Tel-Aviv au jour le jour

Les «sept années de bonheur» qui donnent leur titre au dernier recueil de nouvelles d’Etgar Keret, ce sont celles qui séparent la naissance de son fils de la mort de son père. «Un laps de temps précieux et limité où j’ai pu être à la fois un enfant protégé par son père, et un père omnipotent aux yeux de son fils», explique l’auteur né à Tel-Aviv en 1967. Le vieil homme étant malade, il sait cette période éphémère, et savoure d’autant plus la sensation d’avoir un «clan» autour de lui que les familles de ses parents ont été décimées pendant la Seconde Guerre mondiale. Paru en mai, Sept années de bonheur est ainsi le premier ouvrage autobiographique de celui qui est nouvelliste, cinéaste (Caméra d’or 2007 à Cannes pour Les Méduses), auteur de théâtre et de bande dessinée. Des fictions où la réalité vacille, semées de dialecte ou d’argot, très populaires en Israël et ailleurs, qui cèdent donc la place à un texte plus intime sans qu’il renonce pour autant à sa fantaisie et à son humour réjouissant.

Car le rire et l’imagination sont les armes de l’écrivain, dans un quotidien qui peut basculer d’une seconde à l’autre. Et si le hasard malheureux de l’actualité montre une fois encore l’inégalité des forces en présence, celle-ci n’enlève en rien la légitimité de cette parole qui témoigne de la manière de vivre dans un contexte tragique et instable, et évoque la question de la transmission de manière très fine. Ce n’est pas frontalement qu’Etgar Keret aborde les questions politiques, mais plutôt par les répercussions et les interrogations qu’elles font surgir dans sa vie. Ainsi, leur fils fera-t-il son service militaire? La question que lui pose une jeune mère au parc déclenche des débats nourris avec son épouse, symptôme des déchirements de la société israélienne. Ailleurs, le sens des gestes les plus banals est mis à mal: si l’Iran se dote de la bombe atomique, à quoi bon réparer la fuite au plafond ou faire le ménage? Et pourquoi lui, sa femme et son fils aiment-ils tant tirer des oiseaux sur de fragiles maisons? Les projectiles à plumes du jeu vidéo Angry Birds ne correspondent-ils pas à «l’esprit qui anime l’intégrisme religieux et le terrorisme»?
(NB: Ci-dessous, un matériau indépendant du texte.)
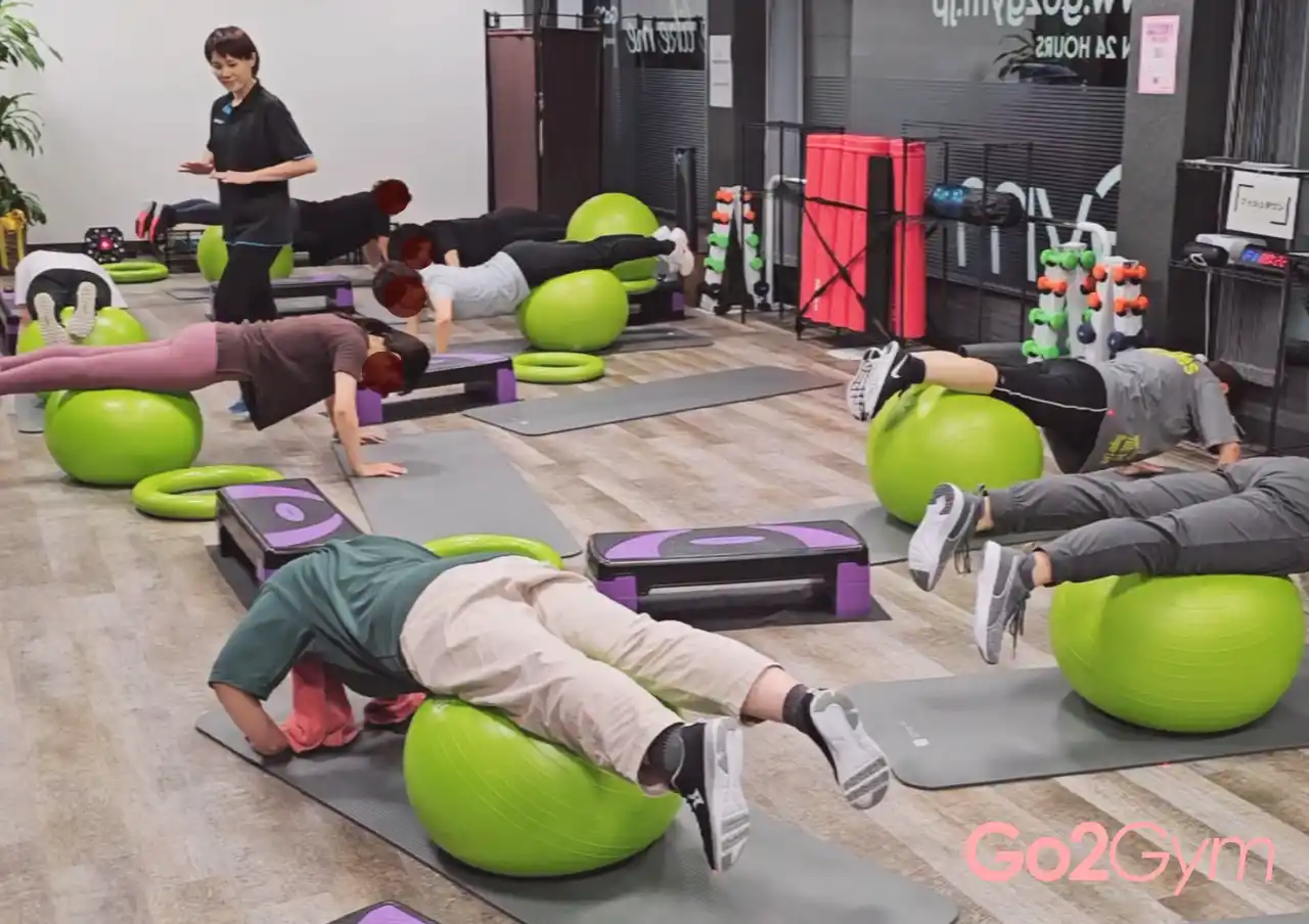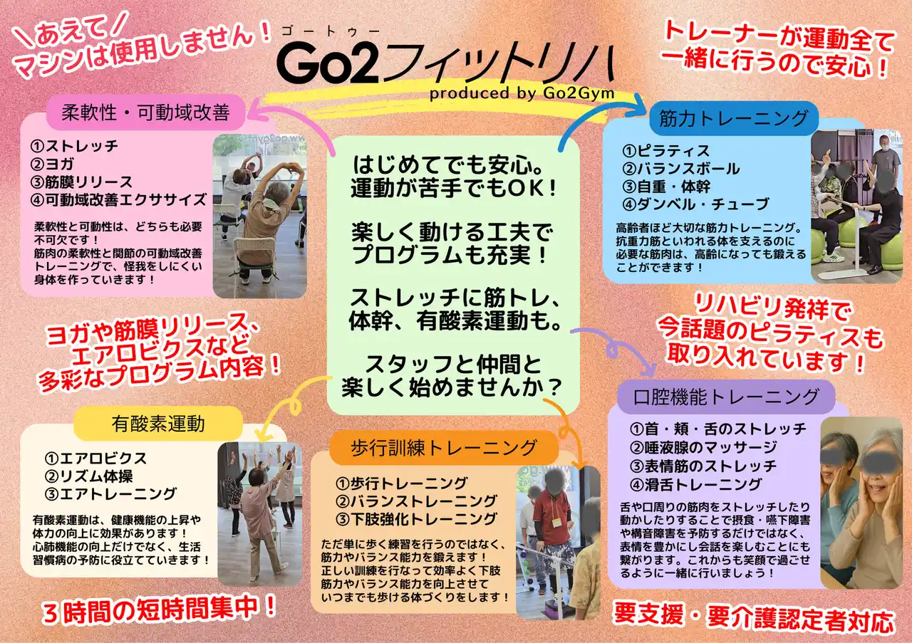Go2Gymの大きな特徴は、同じ場所で、介護保険適用の地域密着型通所介護「Go2フィットリハ」も運営している点です。 こちらもあえてマシンを置かず、専門スタッフが毎回フォームを直接指導します。 フィットネス型デイサービスとしても先進的なピラティス、バランスボール、筋力・体幹トレーニング、歩行訓練など多彩なプログラムを通じて、介護予防から体力向上まで幅広くサポートします。 |
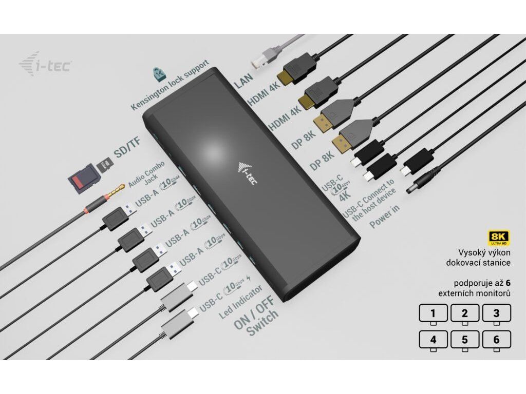 Dokovací stanice s nejvyšším možným výkonem! Podporuje až šest externích monitorů* s rozlišením 4K/60 Hz. Nebo dva mohou běžet současně i v rozlišení 8K! Ideální produkt pro uživatele, kteří vyžadují více monitorů, aniž by museli dělat kompromisy v oblasti stability obrazu, rozlišení a obnovovací frekvence. Dokovací stanice je také vybavena portem pro rychlé nabíjení USB-C (s nabíjecím výkonem až 30 W), zejména pro nabíjení smartphonů a tabletů, rychlými porty USB, portem LAN 2,5 Gbps, jakož i dalšími periferiemi.

Keret évoque encore sa sœur orthodoxe et ses onze enfants, une alerte à la bombe, ses tournées littéraires et ses voyages en avion, un chauffeur de taxi agressif, des souvenirs d’enfance, la Pologne de sa mère où il hérite d’une maison étroite, sans se départir d’une douce ironie qui confère à ces courts textes leur tonalité légère, insolente, attachante. Il faut dire encore que ses anecdotes sont incroyablement savoureuses, leur exposition maîtrisée, leurs chutes impeccables – trop? Le texte semble parfois lissé, dépourvu des aspérités qui faisaient le mordant de ses précédents recueils. Serait-ce parce que Keret l’a d’abord écrit en hébreu, puis a retravaillé la version traduite en anglais pour le texte final? Car il n’a pas voulu que ces écrits autobiographiques paraissent en Israël, par pudeur. Ce bémol ne gâche heureusement pas notre plaisir. 

 

EDGAR KERET, SEPT ANNéES DE BONHEUR, TR. DE L’ANGLAIS PAR JACQUELINE HUET ET JEAN-PIERRE CARASSO, ED. DE L’OLIVIER, 2014, 197 PP.